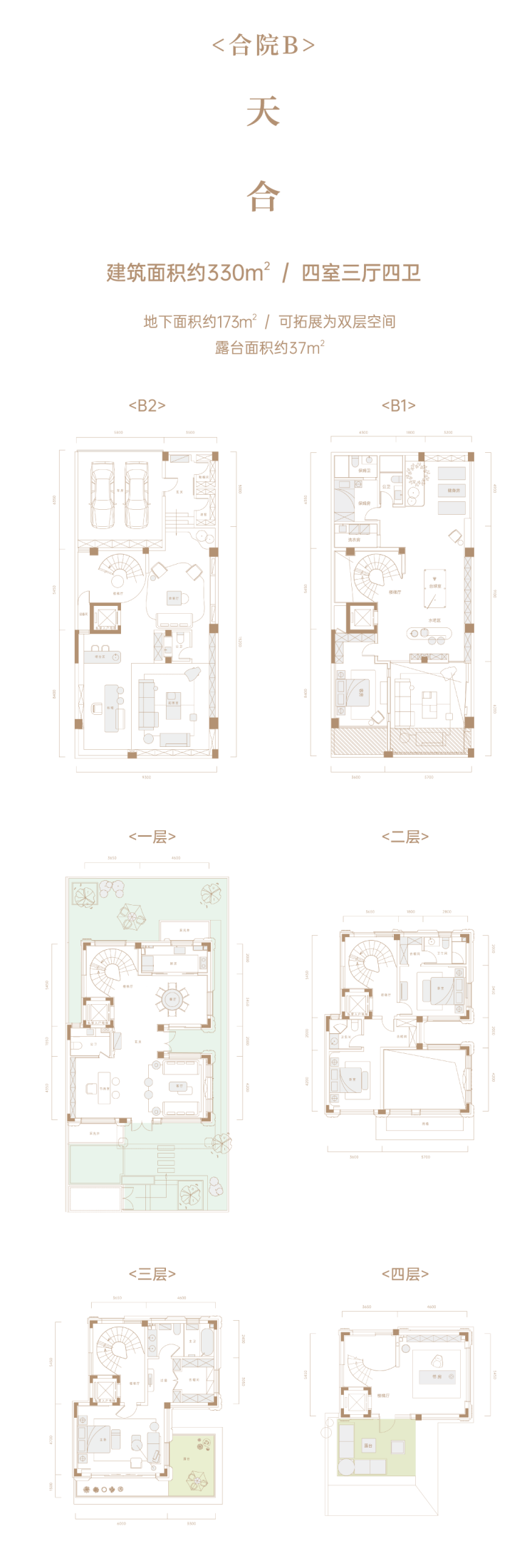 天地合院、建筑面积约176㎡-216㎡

============================================================

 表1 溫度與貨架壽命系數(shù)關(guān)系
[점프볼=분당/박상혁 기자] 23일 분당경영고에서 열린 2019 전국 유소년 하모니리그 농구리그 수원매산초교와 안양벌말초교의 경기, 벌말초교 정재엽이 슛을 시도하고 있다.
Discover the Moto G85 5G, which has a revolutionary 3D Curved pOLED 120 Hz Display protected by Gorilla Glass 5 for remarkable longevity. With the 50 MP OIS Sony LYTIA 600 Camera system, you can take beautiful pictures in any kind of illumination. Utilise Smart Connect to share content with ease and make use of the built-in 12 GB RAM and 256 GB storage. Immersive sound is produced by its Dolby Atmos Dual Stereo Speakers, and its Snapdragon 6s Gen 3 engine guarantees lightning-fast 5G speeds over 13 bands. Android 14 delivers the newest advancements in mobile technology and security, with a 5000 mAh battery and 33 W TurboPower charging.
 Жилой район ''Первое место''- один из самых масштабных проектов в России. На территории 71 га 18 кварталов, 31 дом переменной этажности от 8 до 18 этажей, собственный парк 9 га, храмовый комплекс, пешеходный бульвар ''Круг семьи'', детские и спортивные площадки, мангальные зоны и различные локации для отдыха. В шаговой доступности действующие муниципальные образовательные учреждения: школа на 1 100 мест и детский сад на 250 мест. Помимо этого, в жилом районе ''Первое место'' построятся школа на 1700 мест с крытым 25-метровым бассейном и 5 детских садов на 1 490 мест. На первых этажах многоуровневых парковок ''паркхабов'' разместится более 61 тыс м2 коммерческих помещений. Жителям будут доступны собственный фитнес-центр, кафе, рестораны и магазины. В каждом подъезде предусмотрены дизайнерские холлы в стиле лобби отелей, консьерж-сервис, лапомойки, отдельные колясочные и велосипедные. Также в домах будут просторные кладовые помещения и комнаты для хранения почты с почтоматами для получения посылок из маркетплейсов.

============================================================

**Your objective**
Please, from the material above, copy only the lines from the line with "表1 溫度與貨架壽命系數(shù)關(guān)系" up to and including the line with "Discover the Moto", exactly as written.

**Your response**
 表1 溫度與貨架壽命系數(shù)關(guān)系
[점프볼=분당/박상혁 기자] 23일 분당경영고에서 열린 2019 전국 유소년 하모니리그 농구리그 수원매산초교와 안양벌말초교의 경기, 벌말초교 정재엽이 슛을 시도하고 있다.
Discover the Moto G85 5G, which has a revolutionary 3D Curved pOLED 120 Hz Display protected by Gorilla Glass 5 for remarkable longevity. With the 50 MP OIS Sony LYTIA 600 Camera system, you can take beautiful pictures in any kind of illumination. Utilise Smart Connect to share content with ease and make use of the built-in 12 GB RAM and 256 GB storage. Immersive sound is produced by its Dolby Atmos Dual Stereo Speakers, and its Snapdragon 6s Gen 3 engine guarantees lightning-fast 5G speeds over 13 bands. Android 14 delivers the newest advancements in mobile technology and security, with a 5000 mAh battery and 33 W TurboPower charging.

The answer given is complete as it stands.